▶ _What the task requires_
Repeat the lines of the data exactly and exclude any picture among them.

+ + + + +

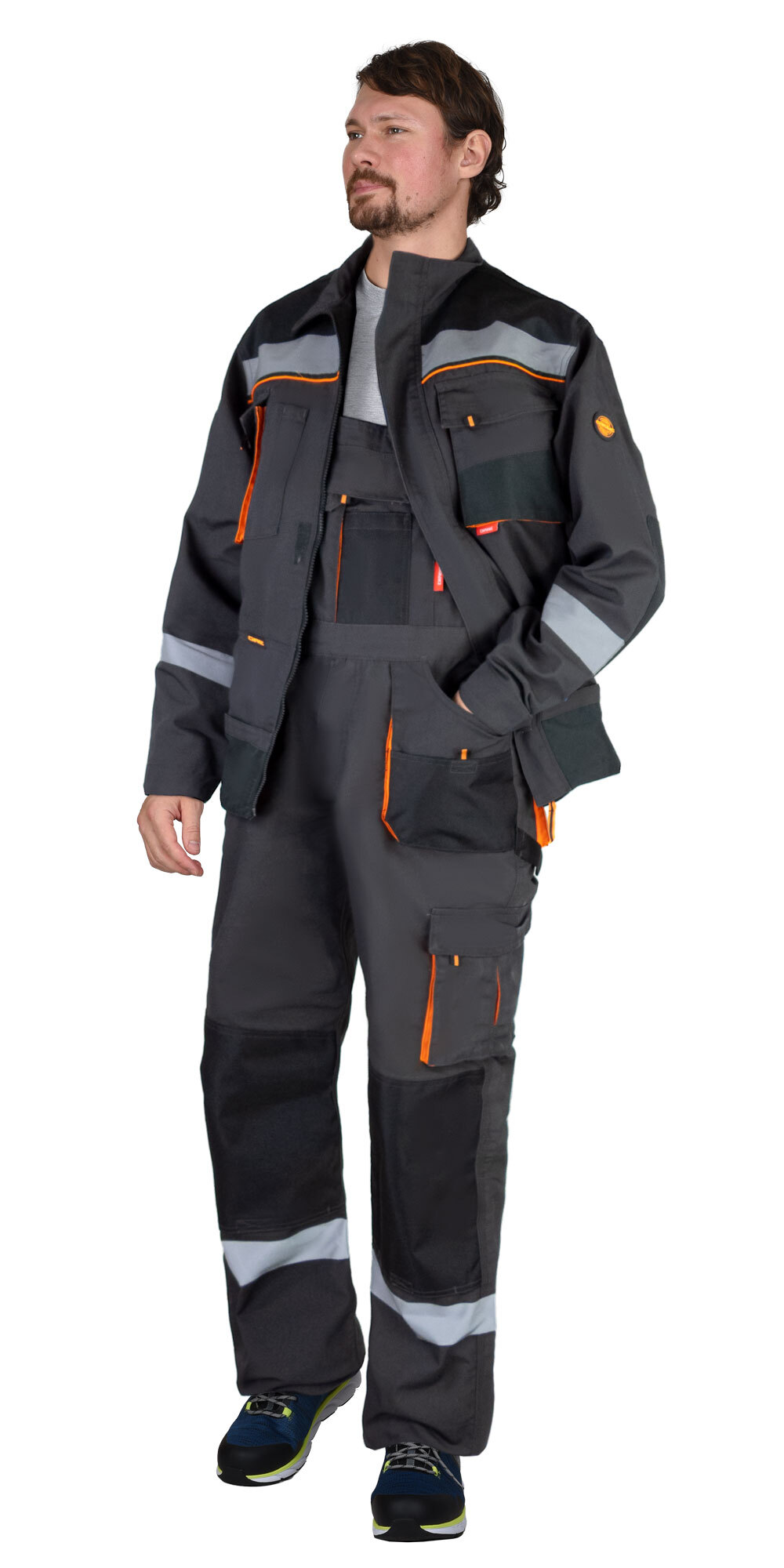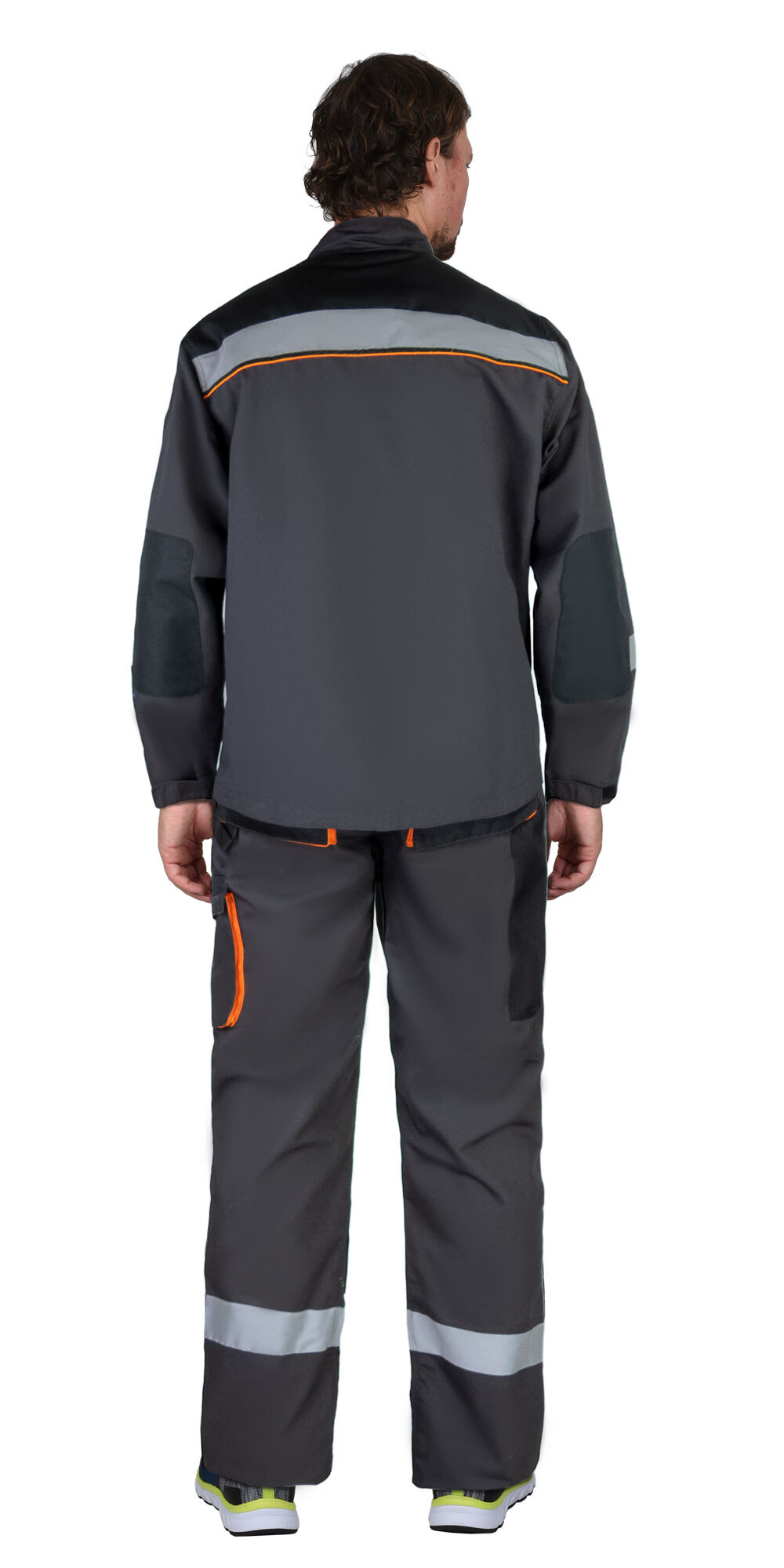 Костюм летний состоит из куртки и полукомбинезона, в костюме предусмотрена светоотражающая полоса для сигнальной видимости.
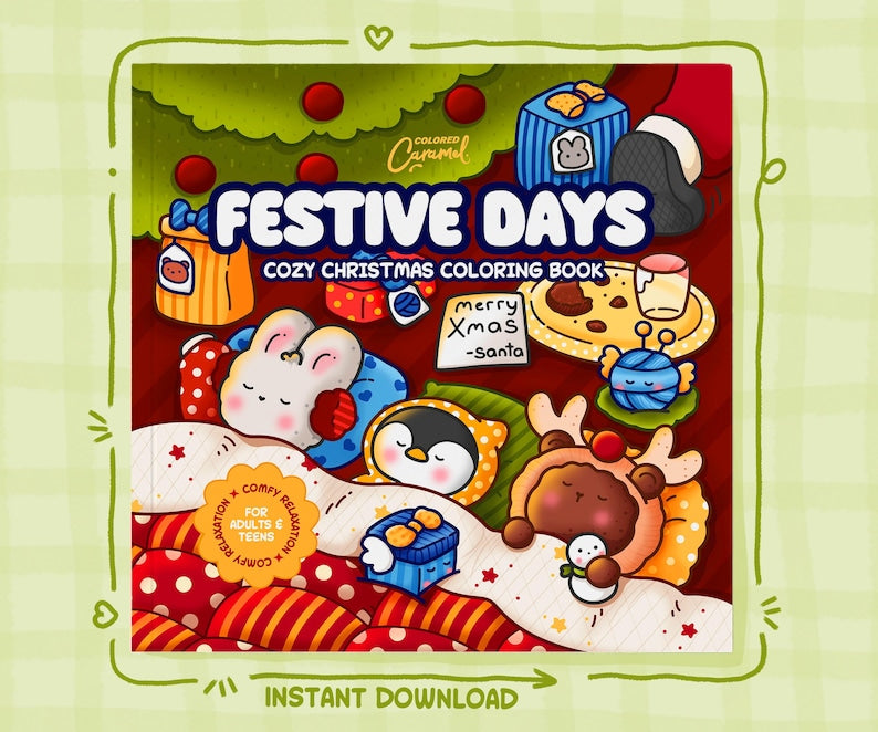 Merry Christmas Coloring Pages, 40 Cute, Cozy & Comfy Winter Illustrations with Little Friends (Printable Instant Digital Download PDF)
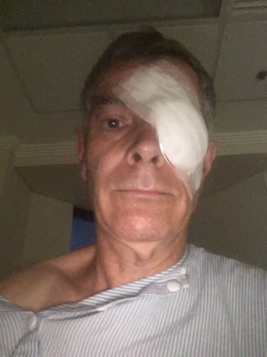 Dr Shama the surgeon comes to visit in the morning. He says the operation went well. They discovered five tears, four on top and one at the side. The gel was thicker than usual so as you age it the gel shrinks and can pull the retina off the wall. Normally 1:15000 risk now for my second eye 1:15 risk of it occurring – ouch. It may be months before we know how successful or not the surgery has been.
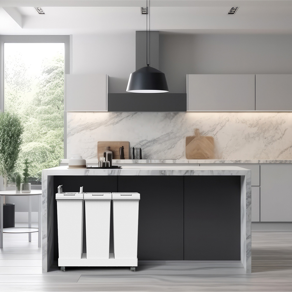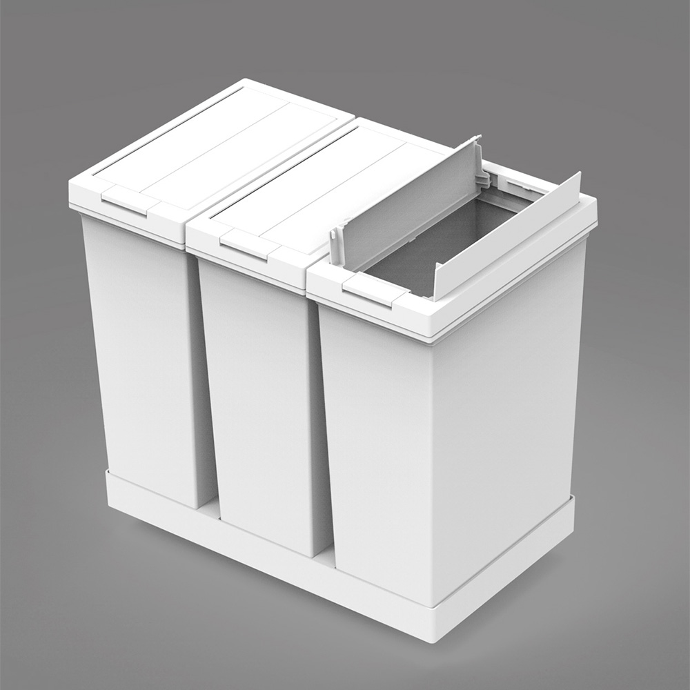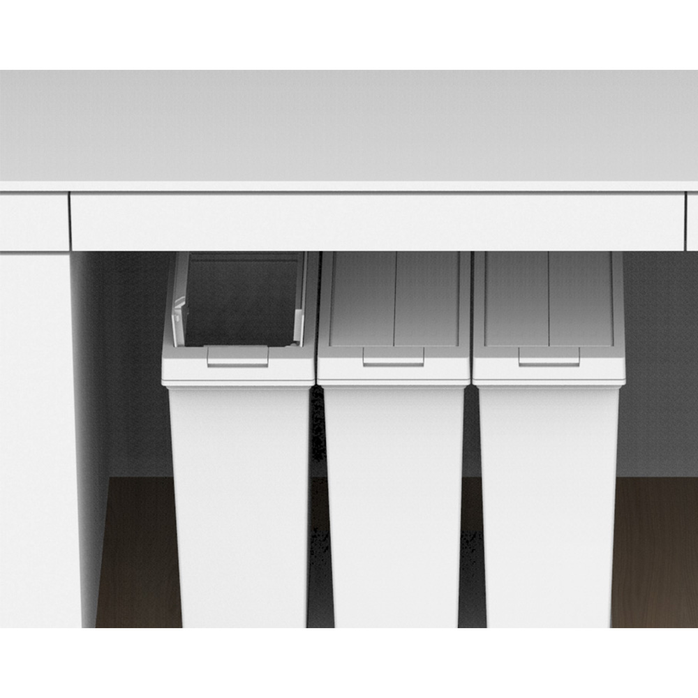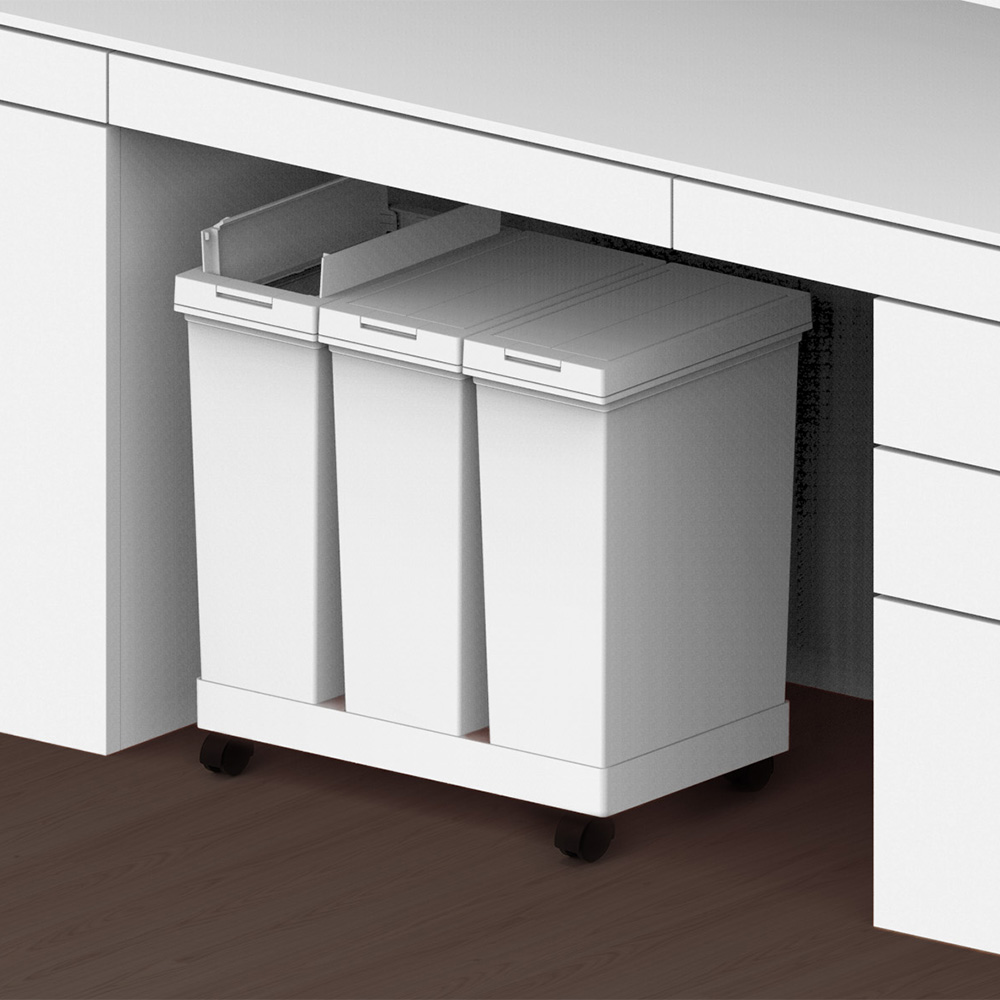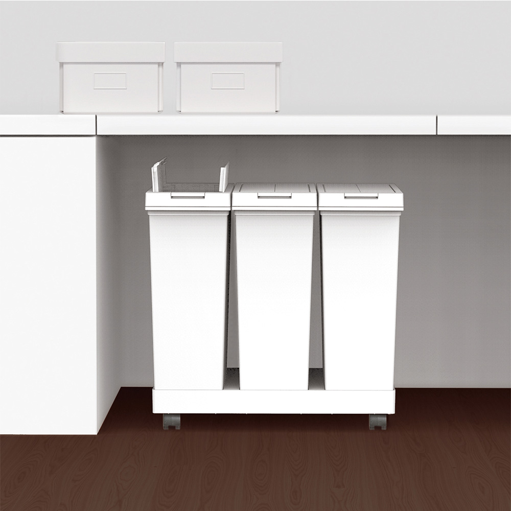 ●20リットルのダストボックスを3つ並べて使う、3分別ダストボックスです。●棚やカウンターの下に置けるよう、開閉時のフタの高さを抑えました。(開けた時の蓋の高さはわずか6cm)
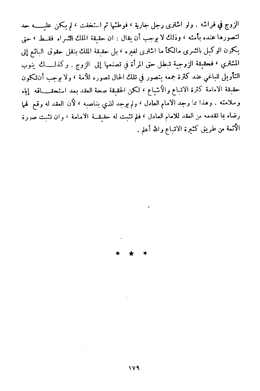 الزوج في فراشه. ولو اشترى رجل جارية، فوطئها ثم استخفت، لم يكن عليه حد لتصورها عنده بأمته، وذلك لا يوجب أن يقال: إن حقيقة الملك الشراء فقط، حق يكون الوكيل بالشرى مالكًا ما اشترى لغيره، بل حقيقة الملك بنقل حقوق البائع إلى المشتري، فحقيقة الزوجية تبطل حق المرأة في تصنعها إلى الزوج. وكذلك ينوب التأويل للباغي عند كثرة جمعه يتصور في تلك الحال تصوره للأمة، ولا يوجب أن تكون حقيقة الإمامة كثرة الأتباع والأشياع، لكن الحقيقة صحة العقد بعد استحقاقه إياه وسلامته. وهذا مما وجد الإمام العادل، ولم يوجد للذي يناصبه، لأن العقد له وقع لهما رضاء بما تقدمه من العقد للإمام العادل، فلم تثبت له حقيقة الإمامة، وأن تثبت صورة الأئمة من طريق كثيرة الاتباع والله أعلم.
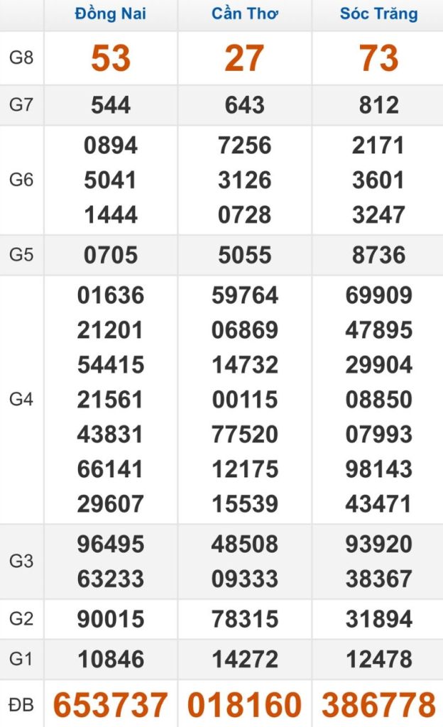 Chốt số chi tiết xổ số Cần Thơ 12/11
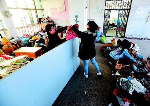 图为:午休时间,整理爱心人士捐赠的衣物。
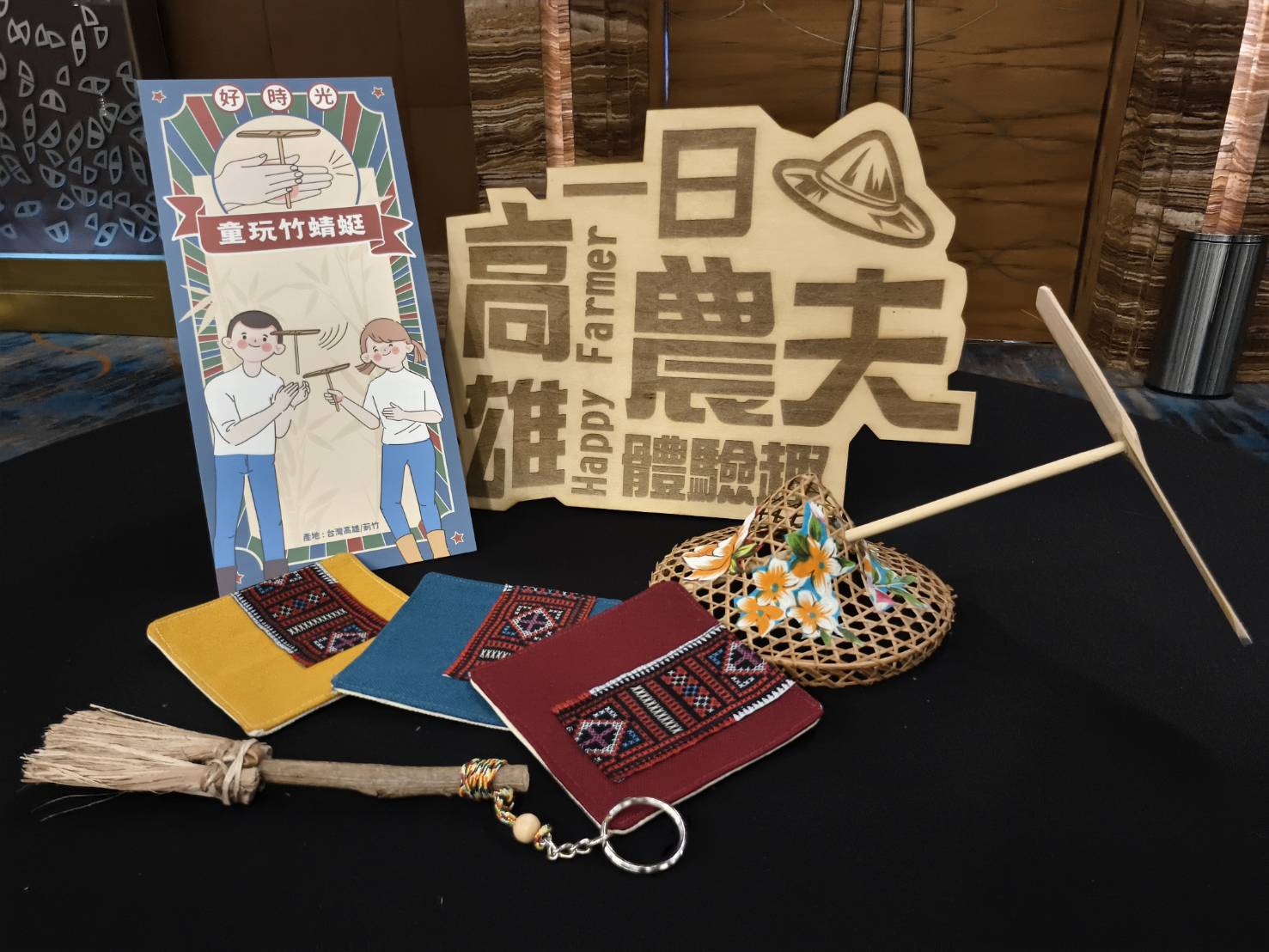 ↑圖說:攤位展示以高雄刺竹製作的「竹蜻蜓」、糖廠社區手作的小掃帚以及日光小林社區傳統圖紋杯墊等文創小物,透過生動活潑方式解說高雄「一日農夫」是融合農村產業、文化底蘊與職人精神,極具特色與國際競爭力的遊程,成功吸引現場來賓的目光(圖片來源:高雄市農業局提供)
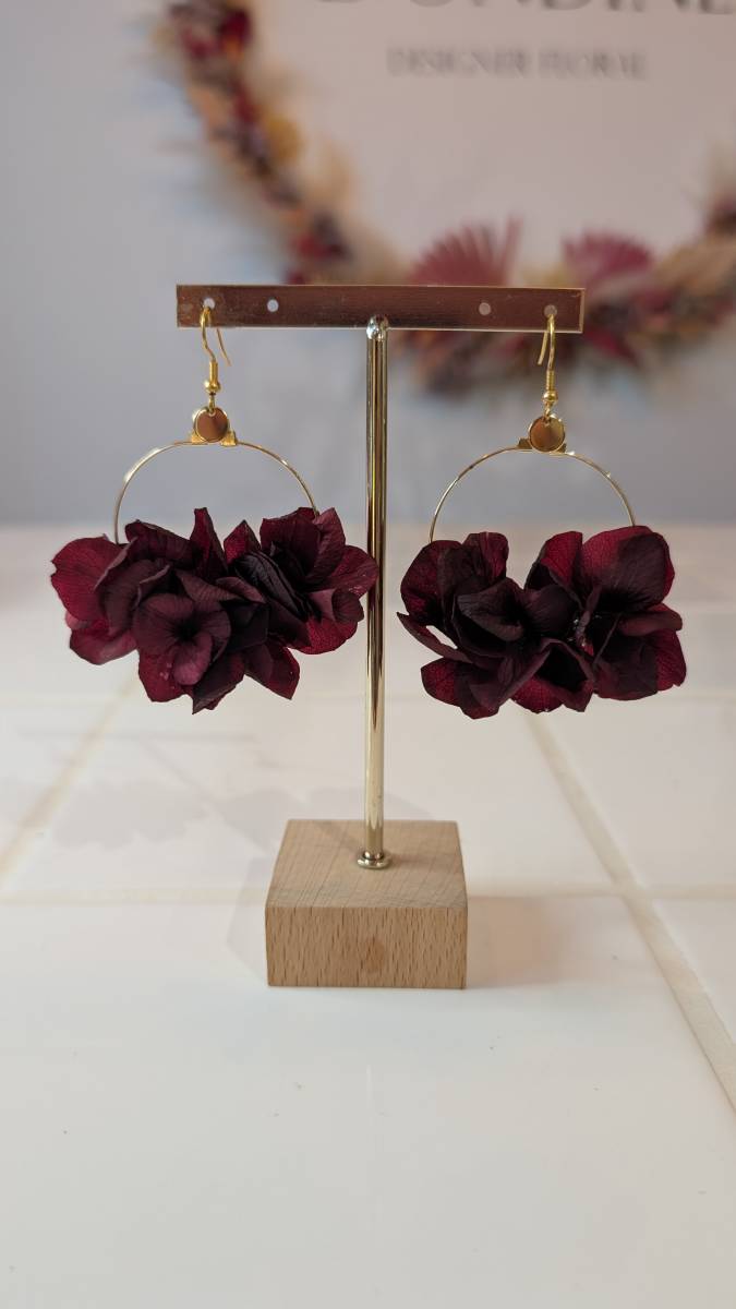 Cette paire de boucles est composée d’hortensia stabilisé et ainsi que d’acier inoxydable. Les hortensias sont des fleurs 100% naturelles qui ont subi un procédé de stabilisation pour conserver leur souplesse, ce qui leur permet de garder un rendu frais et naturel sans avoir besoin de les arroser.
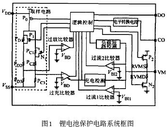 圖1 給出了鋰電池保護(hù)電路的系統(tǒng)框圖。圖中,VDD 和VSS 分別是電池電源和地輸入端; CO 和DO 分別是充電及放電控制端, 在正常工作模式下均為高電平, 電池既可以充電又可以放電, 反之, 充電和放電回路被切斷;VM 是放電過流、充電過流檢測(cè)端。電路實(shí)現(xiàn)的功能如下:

+ + + + +

▶ _Response area_
 Костюм летний состоит из куртки и полукомбинезона, в костюме предусмотрена светоотражающая полоса для сигнальной видимости.
 Merry Christmas Coloring Pages, 40 Cute, Cozy & Comfy Winter Illustrations with Little Friends (Printable Instant Digital Download PDF)
 Dr Shama the surgeon comes to visit in the morning. He says the operation went well. They discovered five tears, four on top and one at the side. The gel was thicker than usual so as you age it the gel shrinks and can pull the retina off the wall. Normally 1:15000 risk now for my second eye 1:15 risk of it occurring – ouch. It may be months before we know how successful or not the surgery has been.
 ●20リットルのダストボックスを3つ並べて使う、3分別ダストボックスです。●棚やカウンターの下に置けるよう、開閉時のフタの高さを抑えました。(開けた時の蓋の高さはわずか6cm)
 الزوج في فراشه. ولو اشترى رجل جارية، فوطئها ثم استخفت، لم يكن عليه حد لتصورها عنده بأمته، وذلك لا يوجب أن يقال: إن حقيقة الملك الشراء فقط، حق يكون الوكيل بالشرى مالكًا ما اشترى لغيره، بل حقيقة الملك بنقل حقوق البائع إلى المشتري، فحقيقة الزوجية تبطل حق المرأة في تصنعها إلى الزوج. وكذلك ينوب التأويل للباغي عند كثرة جمعه يتصور في تلك الحال تصوره للأمة، ولا يوجب أن تكون حقيقة الإمامة كثرة الأتباع والأشياع، لكن الحقيقة صحة العقد بعد استحقاقه إياه وسلامته. وهذا مما وجد الإمام العادل، ولم يوجد للذي يناصبه، لأن العقد له وقع لهما رضاء بما تقدمه من العقد للإمام العادل، فلم تثبت له حقيقة الإمامة، وأن تثبت صورة الأئمة من طريق كثيرة الاتباع والله أعلم.
 Chốt số chi tiết xổ số Cần Thơ 12/11
 图为:午休时间,整理爱心人士捐赠的衣物。
 ↑圖說:攤位展示以高雄刺竹製作的「竹蜻蜓」、糖廠社區手作的小掃帚以及日光小林社區傳統圖紋杯墊等文創小物,透過生動活潑方式解說高雄「一日農夫」是融合農村產業、文化底蘊與職人精神,極具特色與國際競爭力的遊程,成功吸引現場來賓的目光(圖片來源:高雄市農業局提供)
 Cette paire de boucles est composée d’hortensia stabilisé et ainsi que d’acier inoxydable. Les hortensias sont des fleurs 100% naturelles qui ont subi un procédé de stabilisation pour conserver leur souplesse, ce qui leur permet de garder un rendu frais et naturel sans avoir besoin de les arroser.
 圖1 給出了鋰電池保護(hù)電路的系統(tǒng)框圖。圖中,VDD 和VSS 分別是電池電源和地輸入端; CO 和DO 分別是充電及放電控制端, 在正常工作模式下均為高電平, 電池既可以充電又可以放電, 反之, 充電和放電回路被切斷;VM 是放電過流、充電過流檢測(cè)端。電路實(shí)現(xiàn)的功能如下:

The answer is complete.